RE: [PATCH v2 0/3] Add support for RAS DES feature in PCIe DW controller
From: Shradha Todi
Date: Fri Mar 22 2024 - 07:37:33 EST
> -----Original Message-----
> From: 'Manivannan Sadhasivam' <manivannan.sadhasivam@xxxxxxxxxx>
> Sent: 22 March 2024 16:10
> To: Jonathan Cameron <Jonathan.Cameron@xxxxxxxxxx>
> Cc: Shradha Todi <shradha.t@xxxxxxxxxxx>; bp@xxxxxxxxx;
> tony.luck@xxxxxxxxx; james.morse@xxxxxxx; mchehab@xxxxxxxxxx;
> rric@xxxxxxxxxx; lpieralisi@xxxxxxxxxx; kw@xxxxxxxxx; robh@kernelorg;
> bhelgaas@xxxxxxxxxx; jingoohan1@xxxxxxxxx;
> gustavo.pimentel@xxxxxxxxxxxx; josh@xxxxxxxxxxxxxxxx;
> lukas.bulwahn@xxxxxxxxx; hongxing.zhu@xxxxxxx;
> pankaj.dubey@xxxxxxxxxxx; linux-kernel@xxxxxxxxxxxxxxx; linux-
> pci@xxxxxxxxxxxxxxx; vidyas@xxxxxxxxxx; gost.dev@xxxxxxxxxxx;
> alim.akhtar@xxxxxxxxxxx; shiju.jose@xxxxxxxxxx; Terry Bowman
> <Terry.Bowman@xxxxxxx>
> Subject: Re: [PATCH v2 0/3] Add support for RAS DES feature in PCIe DW
> controller
>
> On Wed, Mar 20, 2024 at 10:01:44AM +0000, Jonathan Cameron wrote:
> > On Tue, 19 Mar 2024 22:03:15 +0530
> > 'Manivannan Sadhasivam' <manivannan.sadhasivam@xxxxxxxxxx> wrote:
> >
> > > On Thu, Feb 22, 2024 at 04:30:47PM +0530, Shradha Todi wrote:
> > > > + Borislav, Tony, James, Mauro, Robert
> > > >
> > > > Hi All,
> > > >
> > > > Synopsys DesignWare PCIe controllers have a vendor specific
> > > > capability (which means that this set of registers are only
> > > > present in DesignWare controllers) to perform debug operations called
> "RASDES".
> > > > The functionalities provided by this extended capability are:
> > > >
> > > > 1. Debug: This has some debug related diagnostic features like
> > > > holding LTSSM in certain states, reading the status of lane
> > > > detection, checking if any PCIe lanes are broken (RX Valid) and so
> > > > on. It's a debug only feature used for diagnostic use-cases.
> > > >
> > > > 2. Error Injection: This is a way to inject certain errors in PCIe
> > > > like LCRC, ECRC, Bad TLPs and so on. Again, this is a debug
> > > > feature and generally not used in functional use-case.
> > > >
> > > > 3. Statistical counters: This has 3 parts
> > > > - Error counters
> > > > - Non error counters (covered as part of perf [1])

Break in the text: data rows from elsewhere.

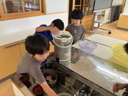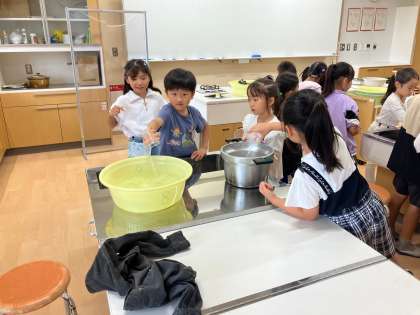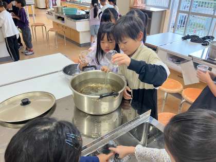 1年生 算数科 どちらがおおい 公開日 2024/10/19 更新日 2024/10/19 1年生 家庭科室にある鍋や桶、フライパン等に、同じ大きさのコップで水を入れ、どの容器が一番多い量が入るのかを調べました。
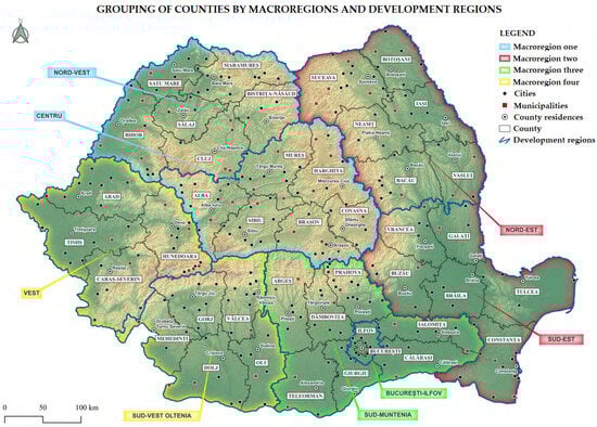 Romania, as an EU member state, is required to comply with EU regulations regarding territorial organization that arise from European legislation. Currently, Romania is organized according to the 1991 Constitution and the Local Public Administration Law No. 69/1991 into the following basic administrative units: counties (41), municipalities (97), cities (268, including municipalities), communes (2698), and villages (13,089). Since 1998, four macro-regions (NUTS-I), eight regions (NUTS-II), 41 counties, and the municipality of Bucharest (NUTS-III) have been established in accordance with the EU NUTS Nomenclature. Figure 1 graphically represents the macro-regions and development regions of Romania, which serve as the basis for the data analyzed and presented in this article.
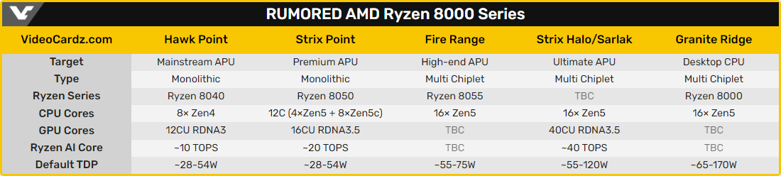 В планах AMD также значится релиз семейства процессоров Fire Range. Это преемники актуальных Ryzen 7045 (Dragon Range). По техническим характеристикам они будут близки к настольным чипам Ryzen 8000, т.е. обойдутся без мощной встроенной графики.
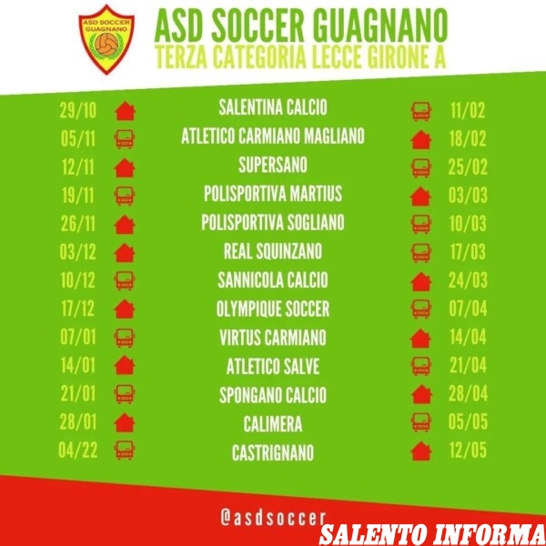 Il primo appuntamento è per domenica 29 ottobre al ‘Carmen Longo’ contro la Salentina Calcio, squadra di Copertino al debutto nel torneo, mentre l’ultima gara del girone di andata si disputerà a Castrignano de’Greci (proprio come lo scorso torneo).

> > > > - Time based analysis counters (covered as part of perf [1])
> > > >
> > > > Selective features of the above functionality has been
> > > > implemented by vendor specific PCIe controller drivers
> > > > (pcie-tegra194.c) that use Synopsys DesignWare PCIe controllers.

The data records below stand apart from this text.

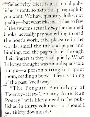 What Zimmer regrets about this proliferation of poets and poetry books is the loss of selectivity. There is simply too much. Ironically, in spite of a plethora of poetry books to choose from, way too few readers and writers of poetry invest in poetry books. Here's an excerpt from the article:
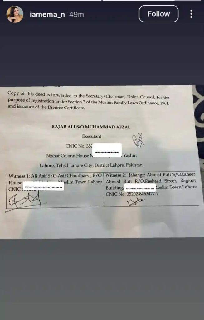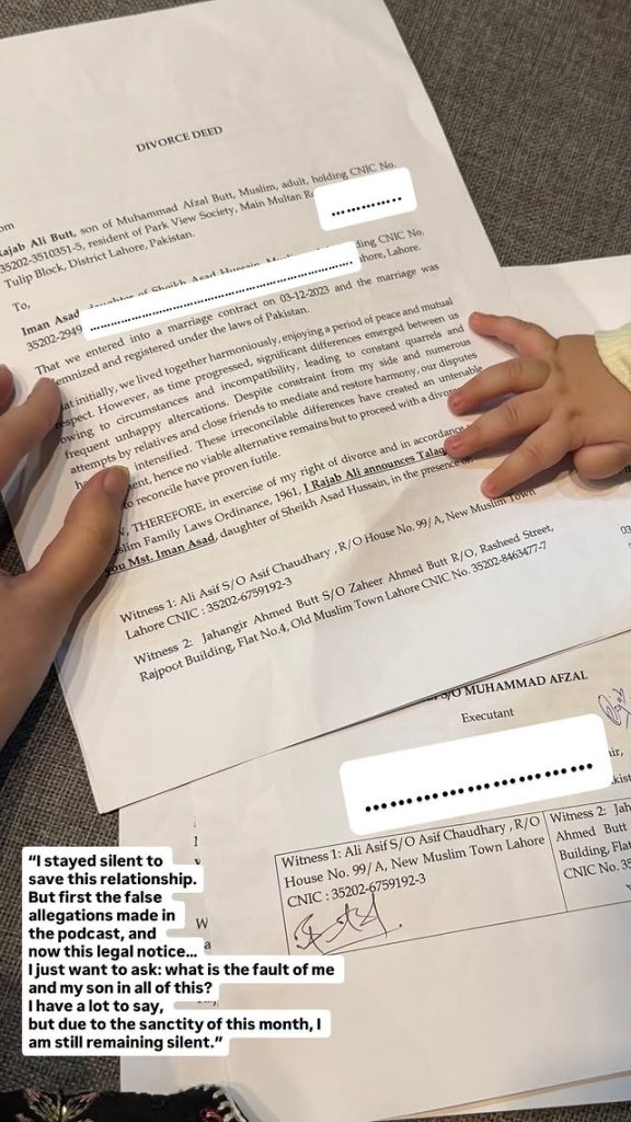 Meanwhile, Emaan Fatima shared her own reaction through social media. She posted that Rajab Butt had sent her a legal notice regarding divorce and expressed her pain over the situation.
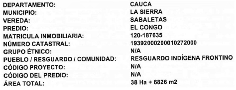 Artículo 1°: Constituir el Resguardo Indígena Frontino, del pueblo Yanacona, ubicado en el municipio de La Sierra, departamento de Cauca, con un (1) predio de propiedad de la Agencia Nacional de Tierras que hace parte del Fondo de Tierras para la Reforma Rural Integral, denominado El Congo, identificado con matrícula inmobiliaria 120-187635, cuya área es de treinta y ocho hectáreas con seis mil ochocientos veintiséis metros cuadrados (38 ha + 6.826 m2), según el plano de la -ANT- N ACCTI 19392621 de mayo de 2017.
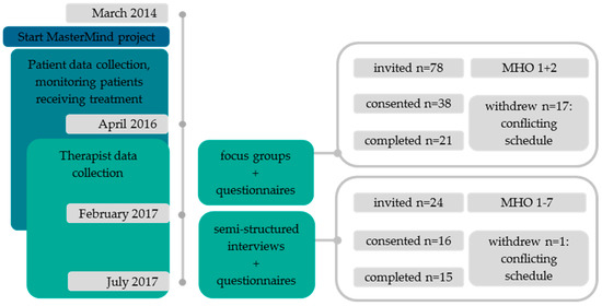 Through other users of the Minddistrict platform and personal contacts of the authors, 10 MHOs were invited to be part of the study because they implemented an online platform into routine care. One MHO withdrew because it ceased to exist, another MHO was too busy with ongoing other projects and trials, and one MHO switched to a different platform provider and needed time to explore other providers. In total, seven MHOs participated.

> > > > In order to make it useful to all vendors using DWC controller, we
> > > > had proposed a common implementation in DWC PCIe controller
> > > > directory
> > > > (drivers/pci/controller/dwc/) and our original idea was based on
> > > > debugfs filesystem. v1 and v2 are mentioned in [2] and [3].
> > > >
> > > > We got a suggestion to implement this as part of EDAC framework
> > > > [3] and we looked into the same. But as far as I understood, what
> > > > I am trying to implement is a very specific feature (only valid for Synopsys
> DWC PCIe controllers).
> >
> > For error part there are (at least superficially) similar features in
> > the PCIe standard that we've started thinking about how to support.
> >
> > See Flit Logging Extended capablity (7.7.8 in PCIe Base Spec rev6.
> > That has the benefit that they are part of the standard so we can
> > support them directly in portdrv / EP drivers using some library code
> > in the PCI core.
> >
>
> Sounds good. But v6 is a relatively new version and the DWC RAS predates that.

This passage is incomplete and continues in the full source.